The final, which should have been staged on Saturday, had been delayed a day because of rain.
The second-seeded Williams breezed through the first set in 20 minutes before Henin, 19, the first Belgian in a Wimbledon final, hit back with her powerful ground strokes to even the match.
But Williams' power took control in the third set as she broke three times, winning the title when Henin, under pressure on the baseline, was unable to control her shot and fired it tamely wide.
Unlike last year, when she celebrated with a victory leap, Williams was more reserved this time.
"I couldn't leap because it was raining," she said. "I didn't want to fall."
Williams started the final with two double faults and didn't get her first serve in until the fifth point when she served an ace. But she won four points in a row to hold serve.

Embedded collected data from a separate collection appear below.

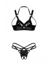 Este conjunto de lingerie em preto é confeccionado em tecido que imita látex, conferindo um ousado efeito wet-look. Combina estilo e funcionalidade para uma experiência única:
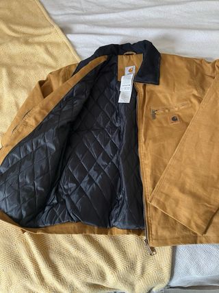 Chaqueta Carhartt en excelente estado, lista para usar. - Diseño clásico y resistente. - Cuello negro. - Cremallera frontal. - Bolsillo con cremallera en el pecho.
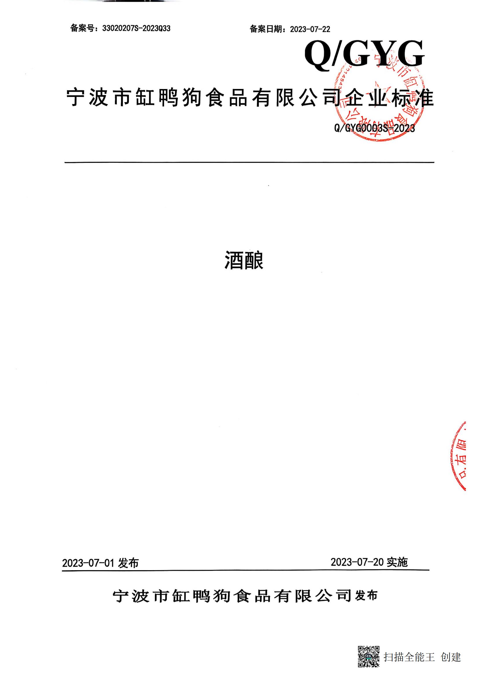 宁波市缸鸭狗食品有限公司企业标准
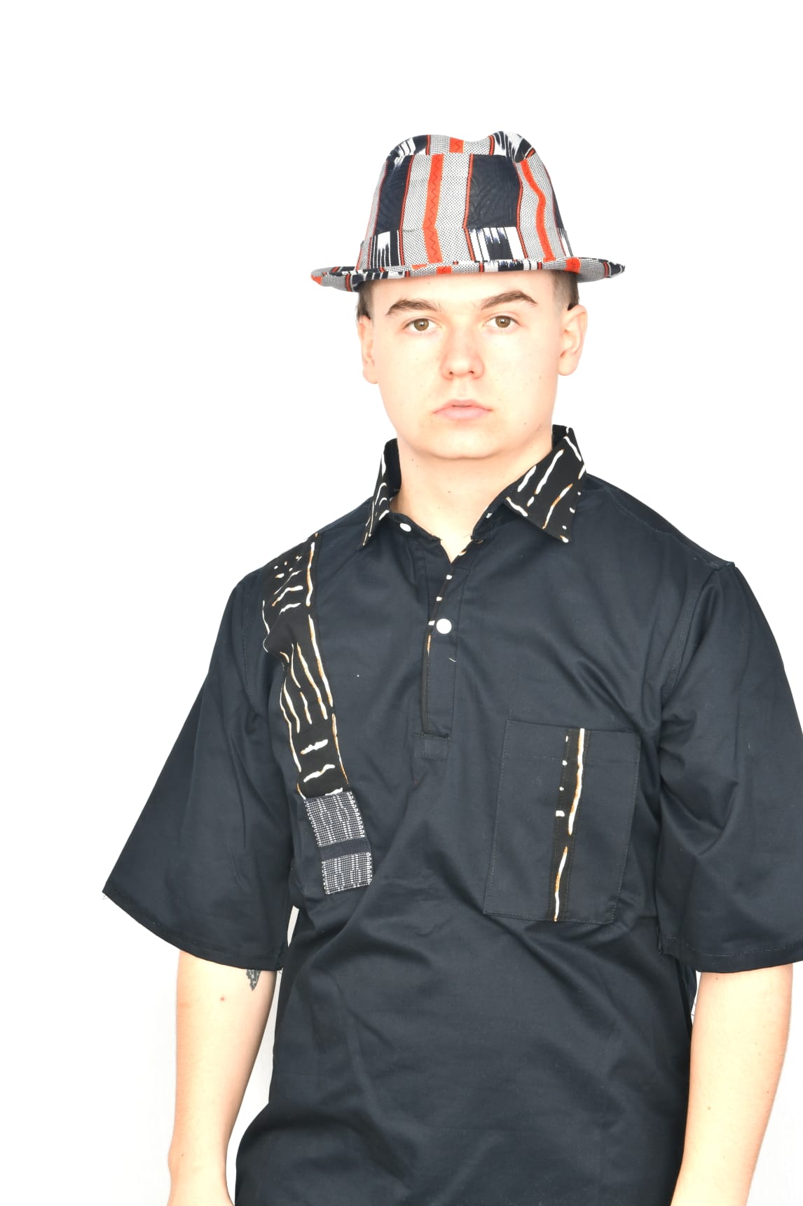 Akwaba Men's Shirts Short Sleeve Black w/ black & white collar design
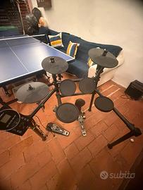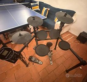 Vendo Batteria Elettronica Medeli modello DD630S, completamente regolabile sia in altezza che in ampiezza con l’apposita chiavetta in dotazione, funzionante al 100% e in ottime condizioni dato lo scarso utilizzo, come mostrato in foto comprende il Charleston con il rispettivo pedale, il Crash, il Ride, il Rullante con variazione di suono in base al colpo, 2 Tom, 1 Timpano, e la Grancassa (anch’essa con il pedale), tutte le parti collegate con cavo al computer principale dal quale si può: Registrare e riprodurre basi in sottofondo, sono integrati oltre 400 suoni, 30 kit programmati e 10 drum kit utente.

Henin, who defeated Williams 6-1, 6-4 in their only previous meeting on clay in Berlin in May, had two aces in a confident first service game.
Williams captured five break points in the fourth game but Henin, powerful and accurate hitting from the baseline, saved four. Williams gained the break with a volley at the net to lead 3-1, and then gained three set points with her powerful serves.
The defending champion squandered the first when she fired a backhand wide but, when Henin sent up a lob under pressure, Williams clinched the set in 20 minutes with an easy smash.
After a 15-minute rain delay, both players held before Williams fired a backhand wide to hand two break points to the Belgian and, when the defending titleist netted another, Henin led 5-3.
When Williams put another backhand out, Henin had two set points and, luring the American to the net,
Williams said she was "a little bit angry" after losing the second set, but was more relaxed afterward.
"I thought I could have played better," she said.
After holding in the opening game of the deciding set, Williams broke in the second. Although Henin saved two break points to twice bring the game back to deuce, she surrendered a third by netting a low backhand.
Williams then held for a 3-0 lead and had two more break points when Henin netted a forehand. The Belgian saved the first when Williams' return was long but the American broke again when Henin fired a forehand long.
With rain falling again, Williams appeared in a hurry and a fourth double fault handed Henin an opening at 15-30. But the American won three points in a row to move ahead 5-0.
Henin's third double fault followed by two netted forehands gave Williams two championship points. Although Henin saved the first with a service winner, the defending champion clinched the title with some powerful strokes that the Belgian teen-ager was unable to handle.
"She was a great champion," said Henin, who defeated Jennifer Capriati in the semifinals. "She played better than me today."
"In the third set, mentally, she was stronger."
Williams, who will defend her U.S. Open title later this summer, was a strong favorite to hold on to the championship she won last year by beating countrywoman Lindsay Davenport.
Williams had dropped just one other set on the way to Saturday's match, a tiebreak against Davenport.